[HN Gopher] Interval parsing grammars for file format parsing (2...
___________________________________________________________________
Interval parsing grammars for file format parsing (2023)
Author : fanf2
Score : 82 points
Date : 2024-08-10 17:42 UTC (5 hours ago)
(HTM) web link (dl.acm.org)
(TXT) w3m dump (dl.acm.org)
| andrybak wrote:
| > We have used IPGs to specify a number of file formats including
| ZIP, ELF, GIF, PE, and part of PDF
|
| For PDF, that's fair. Video "Types of PDF - Computerphile" covers
| this: https://www.youtube.com/watch?v=K7oxZCgO1dY
| jgalt212 wrote:
| I"ll watch any and all Professor Brailsford videos.
| quotemstr wrote:
| > ZIP files that are prefixed by random garbage can still be
| extracted by unzip but fail to be recognized by a parser that
| conforms to the format specification
|
| To be fair, the ability to stick a ZIP file at the end of any
| other kind of file enables all sorts of neat tricks (like the old
| self-extracting zips).
| userbinator wrote:
| That's because zip files are read from the end.
| FreakLegion wrote:
| And this is in fact what the spec lays out, contrary to the
| quote from the paper. The PK header is a convention.
| Conforming parsers don't require it, but lazy implementations
| often do. This has led to more than one security incident
| over the years.
| bloatfish wrote:
| Yeah and PK is the signature _per record_ - it 's not a
| file header. Did these guys read the format specification
| at all?
| pointlessone wrote:
| They definitely did not implement PDF parsing, even a subset of
| it. They make some assumptions that will definitely result in
| incorrect parsing. For instance, they assume, objects are tightly
| packed.
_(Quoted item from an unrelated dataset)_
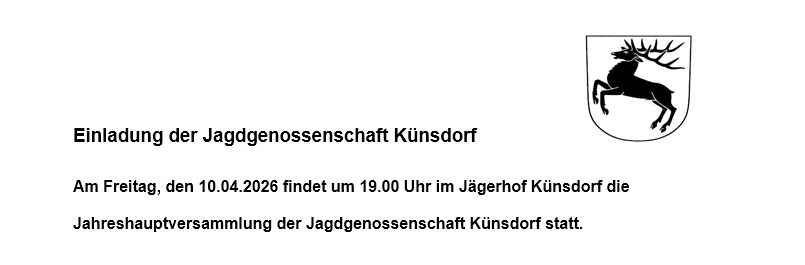 Einladung der Jagdgenossenschaft Künsdorf, Freitag 10.04.2026 um 19:00 Uhr

They're not required to. They should be to save space but
| are not required to. Moreover, it is possible to place objects
| inside other objects. It's not advised but not prohibited. As far
| as I can tell this is where their PDF parsing ends. They don't
| parse the objects themselves (not regular objects, nor stream
| objects). So they've chosen PDF "because it is the most
| complicated format to our knowledge" but ended up just
| (incorrectly) chunking the stream by offset table.
| jahewson wrote:
| Yeah this work is far away from what a real PDF parser
| requires. It's not uncommon for the lengths at the beginning of
| streams to be wrong or the data to be encoded in a format
| different from the one claimed. The offset table can also be
| wrong or missing.
| pointlessone wrote:
| Malformed file is a whole another can of worms a good parser
| should know how to deal with but here it doesn't even format
| compliant.
|
| I think they wanted to demonstrate that their work can slice
| a stream by offset table, in a declarative fashion. It is a
| useful property. I think they would've better picked OTF/TTF
| for demonstration of this particular feature.
| airstrike wrote:
| Sounds to me like that's more of an issue with the PDF
| specification than with the work presented in the paper, in
| which case that's hardly the metric by which we should measure
| its merit.
| pointlessone wrote:
| I'm not saying PDF is a good format. I'm pointing out that
| they've made a poor choice going for PDF. There are other
| formats they could've used to demonstrate this specific
| technique. Like OTF/TTF which is a more traditional binary
| format with a whole range of approaches, including offset
| tables.
| revskill wrote:
| How about MS office document ?
| tithe wrote:
| DOCX, PPTX, and XLSX Microsoft Office files are actually ZIP
| archives (which the paper addresses). You can append a ".zip"
| extension onto the end of them and explore.
|
| https://en.wikipedia.org/wiki/Office_Open_XML
| jahewson wrote:
| The old office binary formats are basically a FAT file system
| containing streams of unremarkable records. Knowing what those
| records do is the hard part!
| aappleby wrote:
| Is this really a new thing? It feels like they've just crammed a
| sliver of the same bog-standard parsing we've been doing for
| decades back into the CFG.
|
| I guess that's good for preventing off-by-one-based parsing
| errors, but surely there's prior art from long ago.
___________________________________________________________________
(page generated 2024-08-10 23:00 UTC)